Give back the lines of the entries below exactly as written, from the first line to the line holding "Очень красивый закат", both included, with the pictures omitted.

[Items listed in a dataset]
Content starts
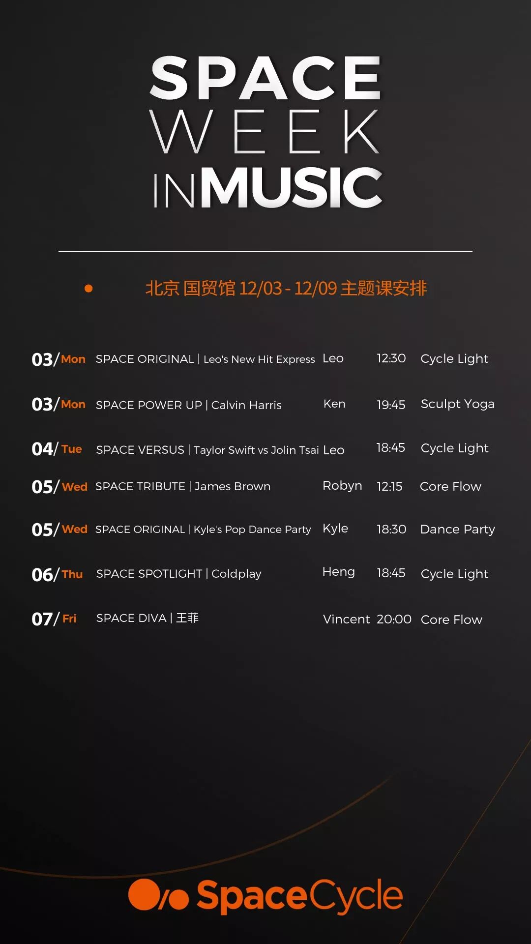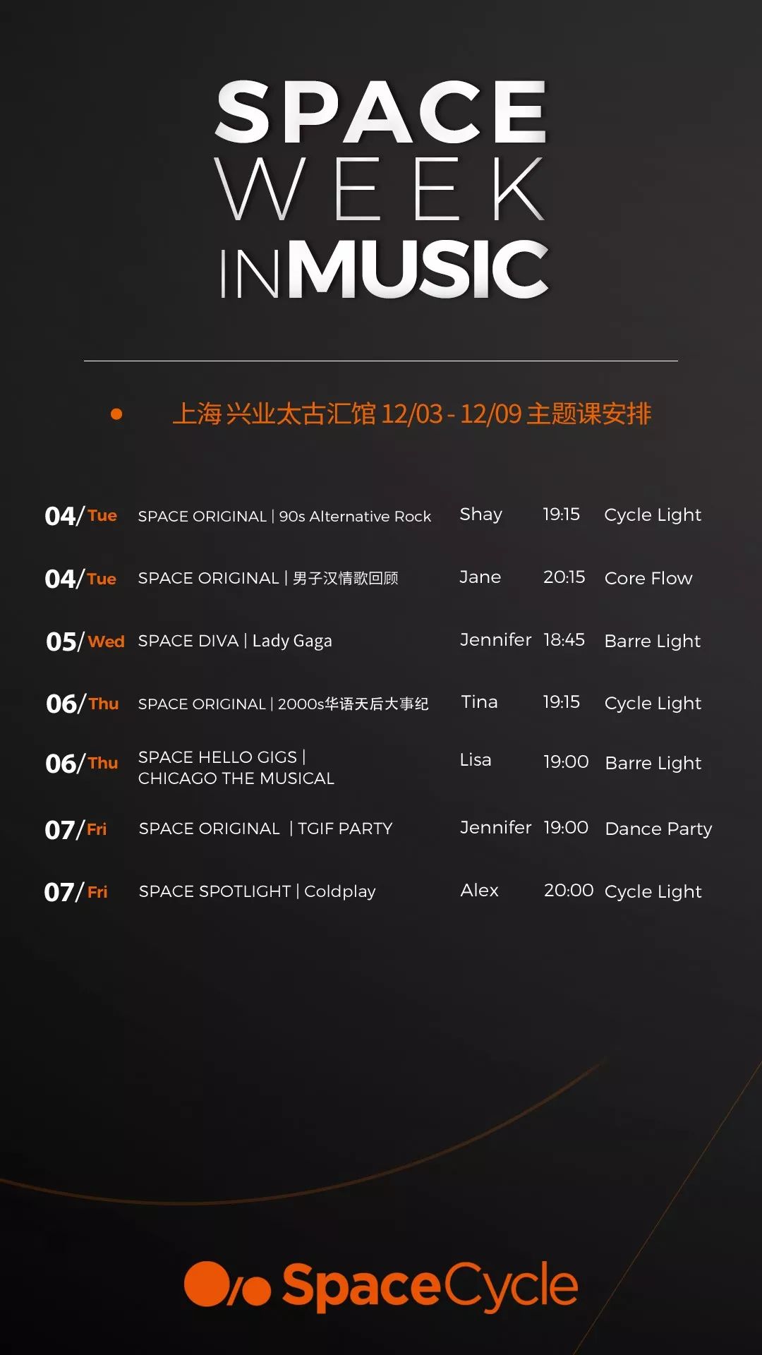 下周的主题课新歌单星光熠熠,其中有 DIVA 齐聚的派对, 包括华语女团代表 S.H.E;2000年华语天后大事记 ;王菲、Lady Gaga 和 Christina Aguilera ,充满了耀眼女性光彩;还有当代流行音乐代表 Calvin Harris 以及现代灵魂教父 James Brown...下周 SPACE 主题歌单名人堂,熟悉的旋律一响起,回忆的脚步就收不住,打开APP 报名,来SPACE 名人堂运动派对享受畅享运动和你的独家青春回忆!
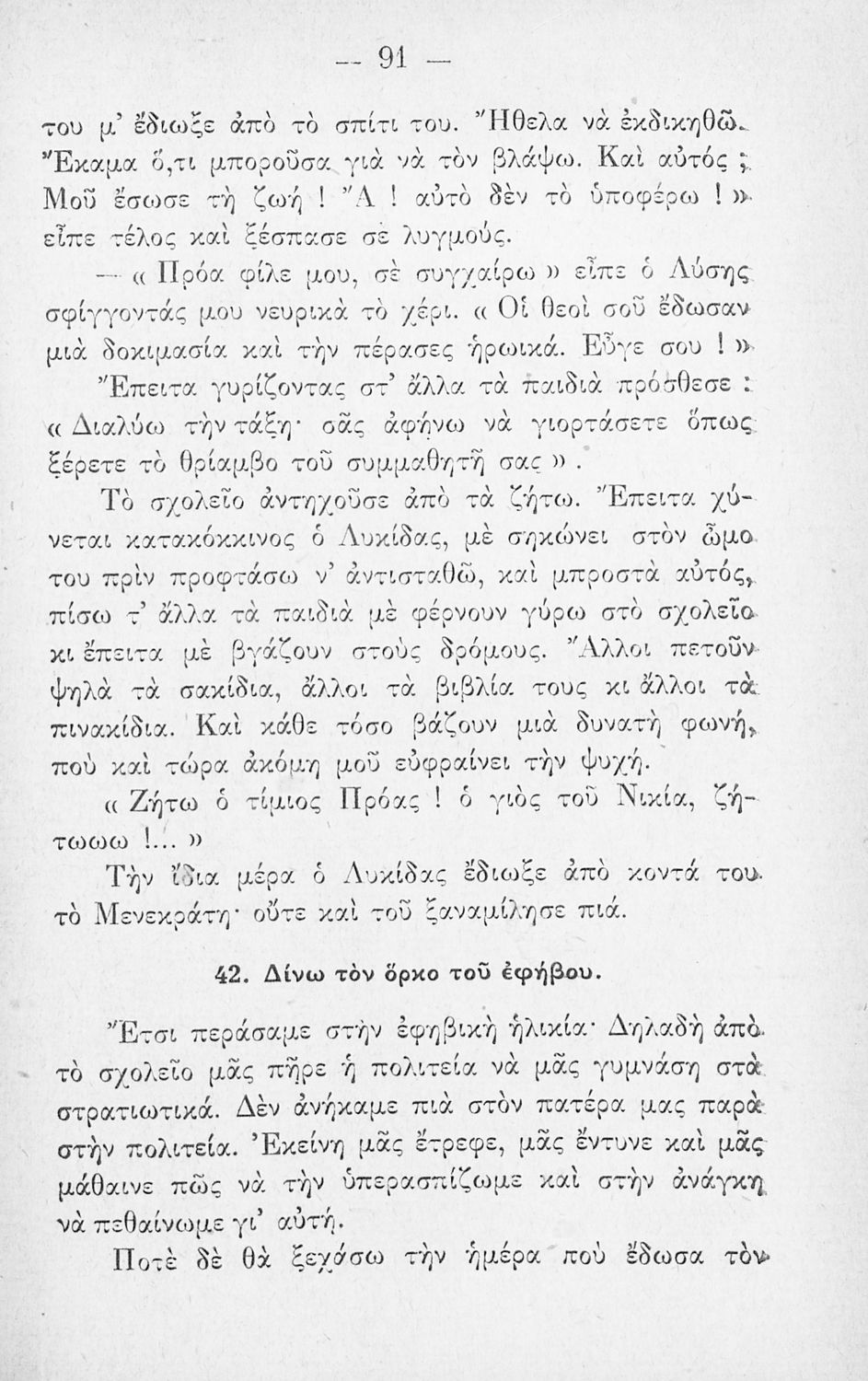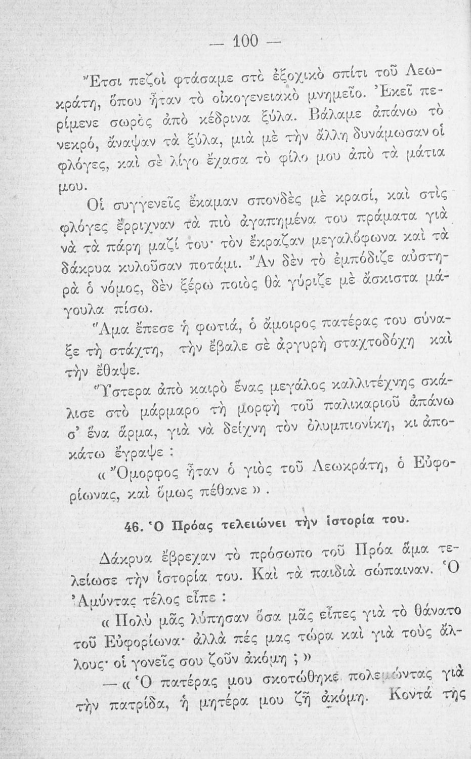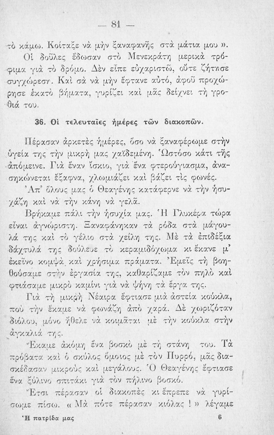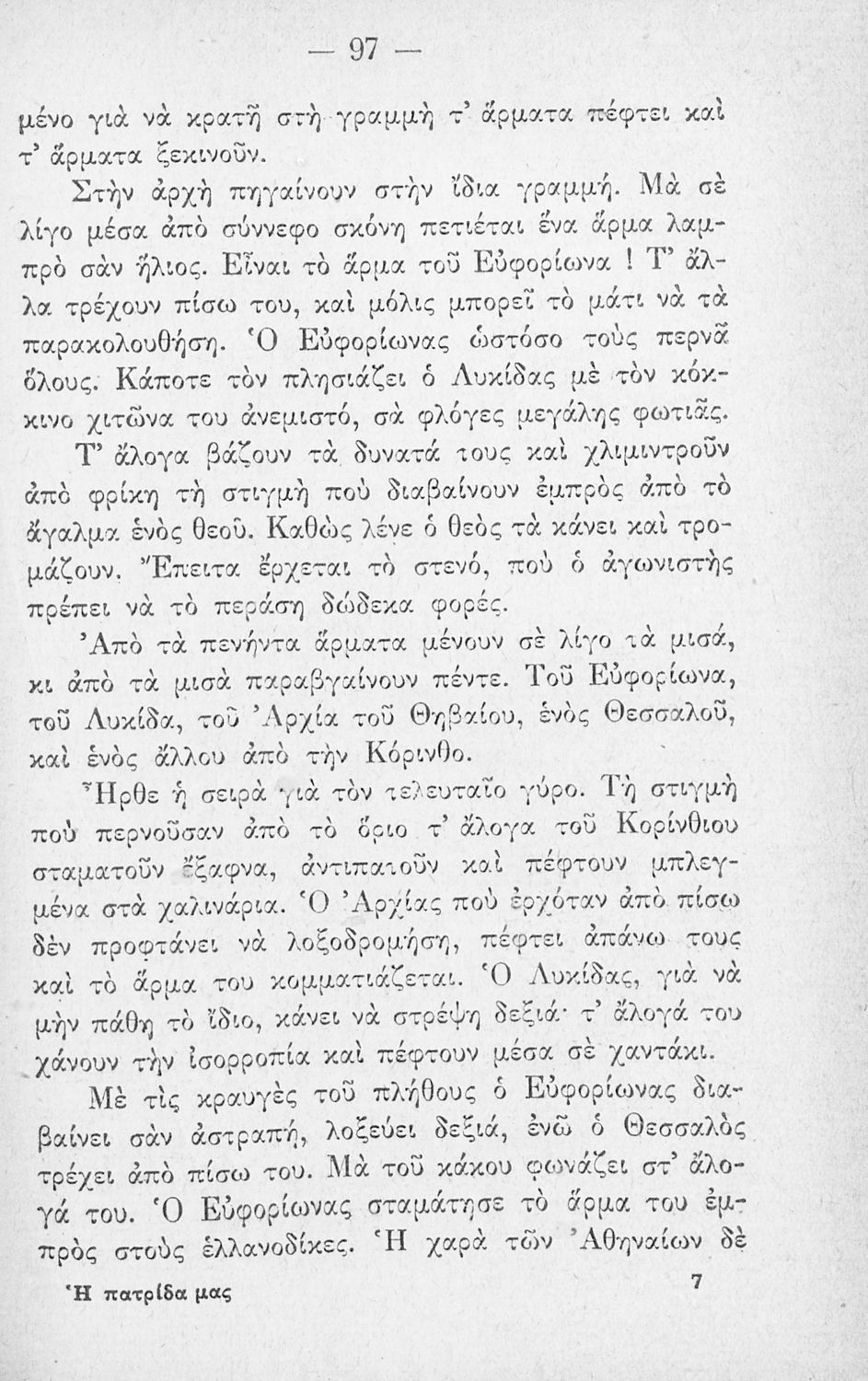 Αναγνωστικό Δ΄ Δημοτικού που περιέχει πεζά και ποιήματα με περιεχόμενο διδακτικό και ηθικοπλαστικό εμπνευσμένα από την ελληνική ιστορία και μυθολογία, και την αγροτική και κοινωνική ζωή.
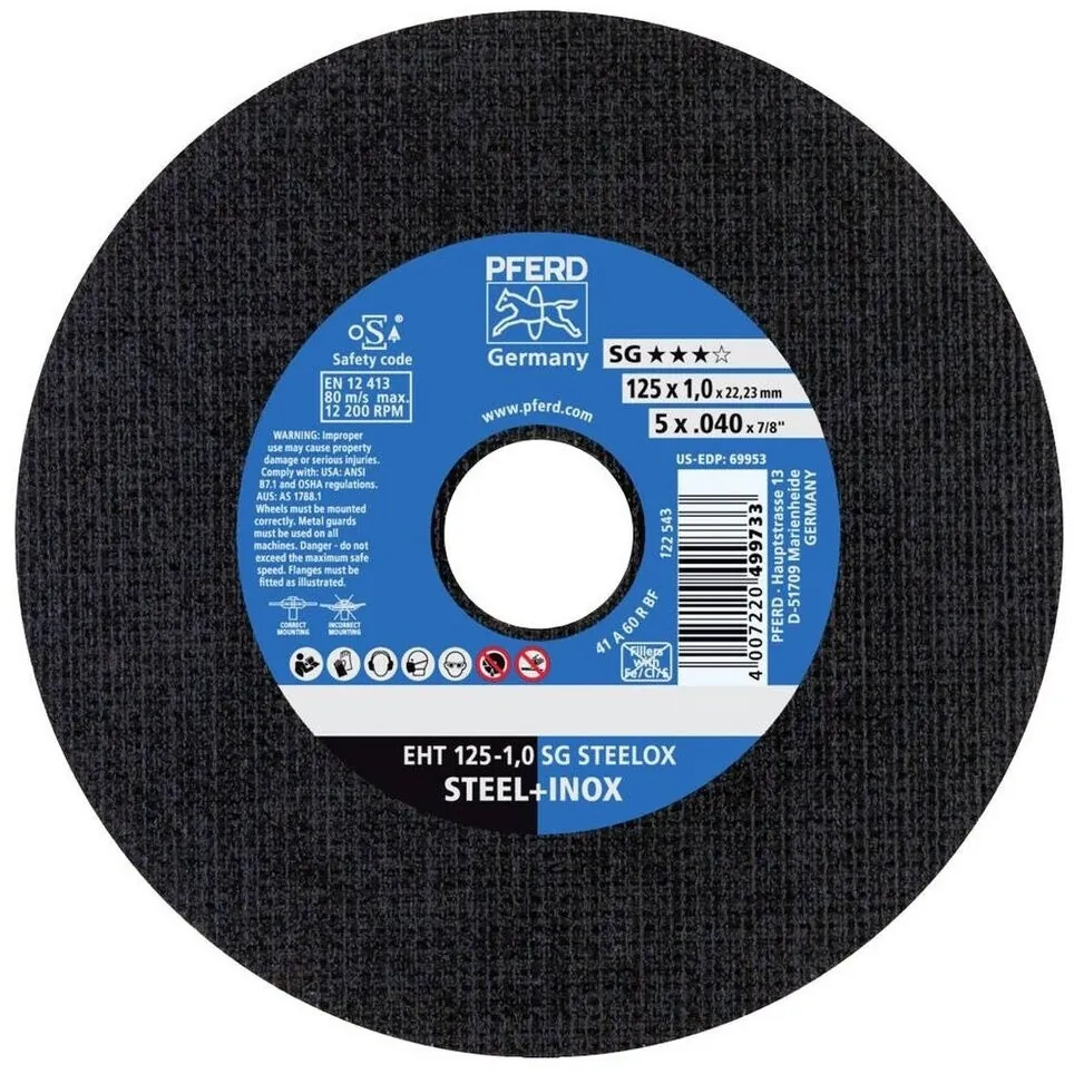 Disc de tăiere EHT 125×1,0x22,23 mm plat Performance Line SG STEELOX pentru oțel/oțel inoxidabil
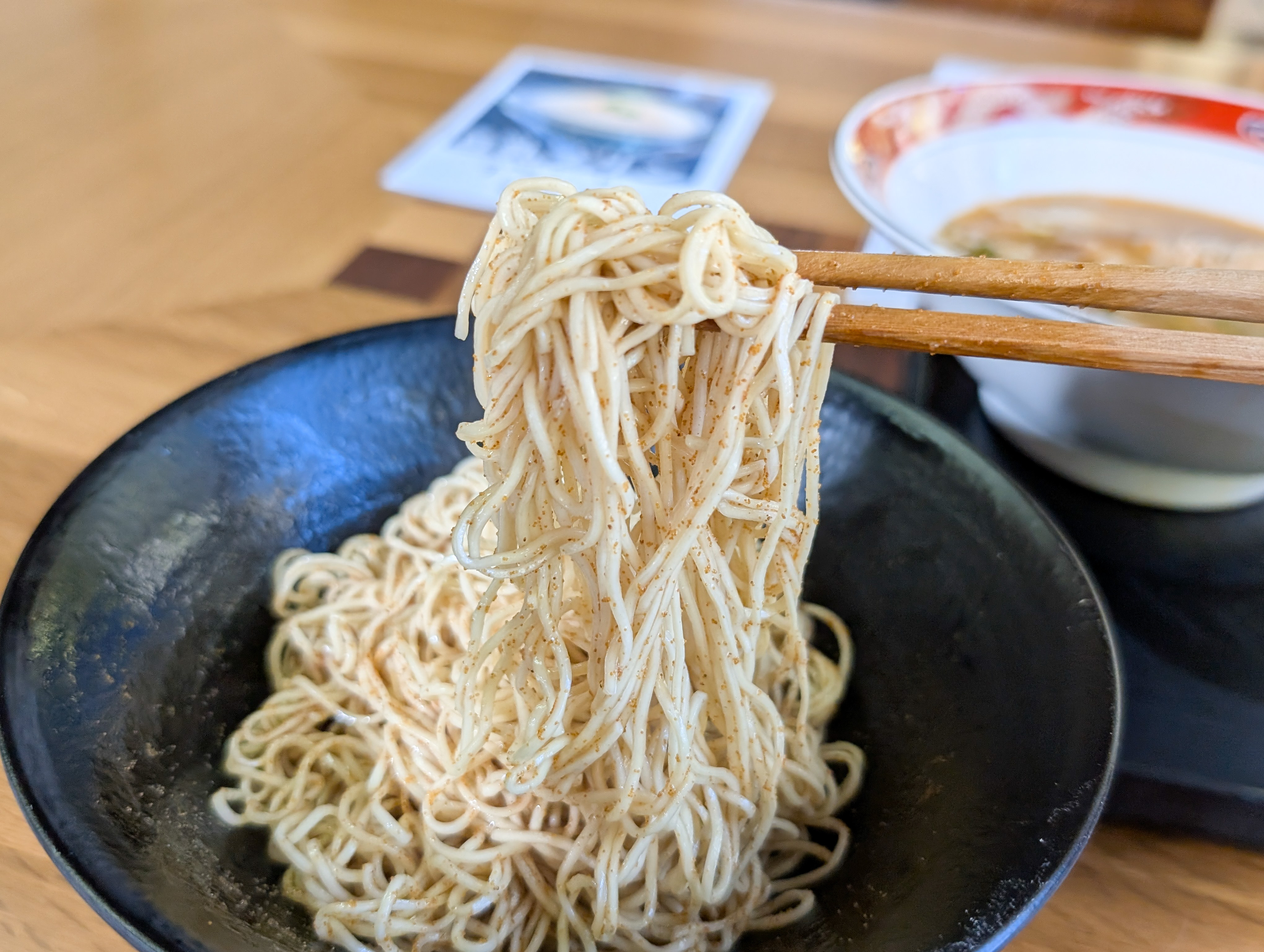 もちろん狙いは限定メニュー! 大盛りは出来ないようだが、替玉は可能。ただ限定専用の和え玉も用意されていたので、興味優先で今回はそれをチャレンジさせてもらおう。
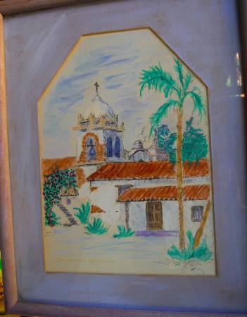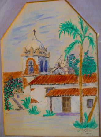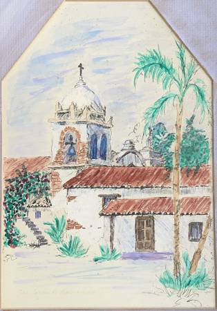 San Carlos Borromeo Mission Town - Watercolor and Pen Drawing - Original Vintage - Antique
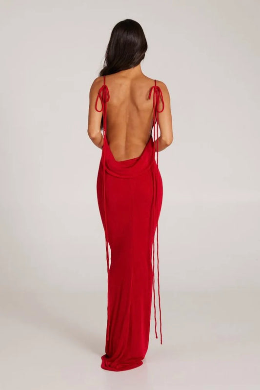 • STRAPLESS VELVET AND SATIN BODY-CON MAXI DRESS
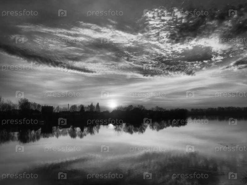 Очень красивый закат над водой. Берег реки и горизонт. Заходящее солнце. Черно-белая фотография с повышенной контрастностью. Драматическое небо и облака. Наступление ночи. Кучевые и перистые облака
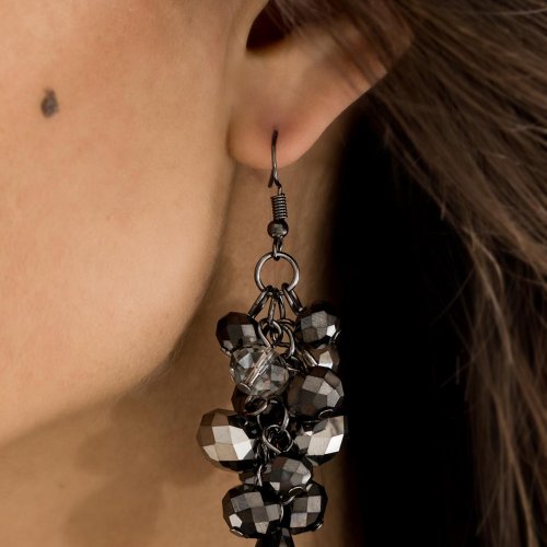 A collision of faceted crystal, hematite, and gem-like beading dangles from stacked rows of interconnecting gunmetal chains, creating a meshed fringe. Encrusted in prismatic hematite rhinestones, black beaded accents are sprinkled along the daring fringe, adding sassy shimmer to this haute head-turner. Features an adjustable clasp closure.
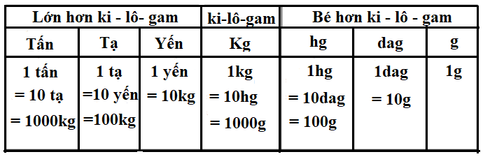 Bảng đơn vị đo khối lượng Lớp 4
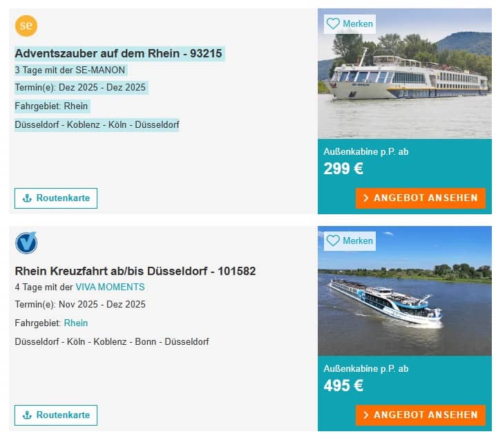 Die günstigste Reise ist derzeit eine 3 tätige Adventreise an Bord der SE-MANON von SE-TOURS. Diese führt von Düsseldorf über Koblenz und Köln retour nach Düsseldorf.
Content ends
■ **SOLUTION TO THIS EXERCISE**
 下周的主题课新歌单星光熠熠,其中有 DIVA 齐聚的派对, 包括华语女团代表 S.H.E;2000年华语天后大事记 ;王菲、Lady Gaga 和 Christina Aguilera ,充满了耀眼女性光彩;还有当代流行音乐代表 Calvin Harris 以及现代灵魂教父 James Brown...下周 SPACE 主题歌单名人堂,熟悉的旋律一响起,回忆的脚步就收不住,打开APP 报名,来SPACE 名人堂运动派对享受畅享运动和你的独家青春回忆!
 Αναγνωστικό Δ΄ Δημοτικού που περιέχει πεζά και ποιήματα με περιεχόμενο διδακτικό και ηθικοπλαστικό εμπνευσμένα από την ελληνική ιστορία και μυθολογία, και την αγροτική και κοινωνική ζωή.
 Disc de tăiere EHT 125×1,0x22,23 mm plat Performance Line SG STEELOX pentru oțel/oțel inoxidabil
 もちろん狙いは限定メニュー! 大盛りは出来ないようだが、替玉は可能。ただ限定専用の和え玉も用意されていたので、興味優先で今回はそれをチャレンジさせてもらおう。
 San Carlos Borromeo Mission Town - Watercolor and Pen Drawing - Original Vintage - Antique
 • STRAPLESS VELVET AND SATIN BODY-CON MAXI DRESS
 Очень красивый закат над водой. Берег реки и горизонт. Заходящее солнце. Черно-белая фотография с повышенной контрастностью. Драматическое небо и облака. Наступление ночи. Кучевые и перистые облака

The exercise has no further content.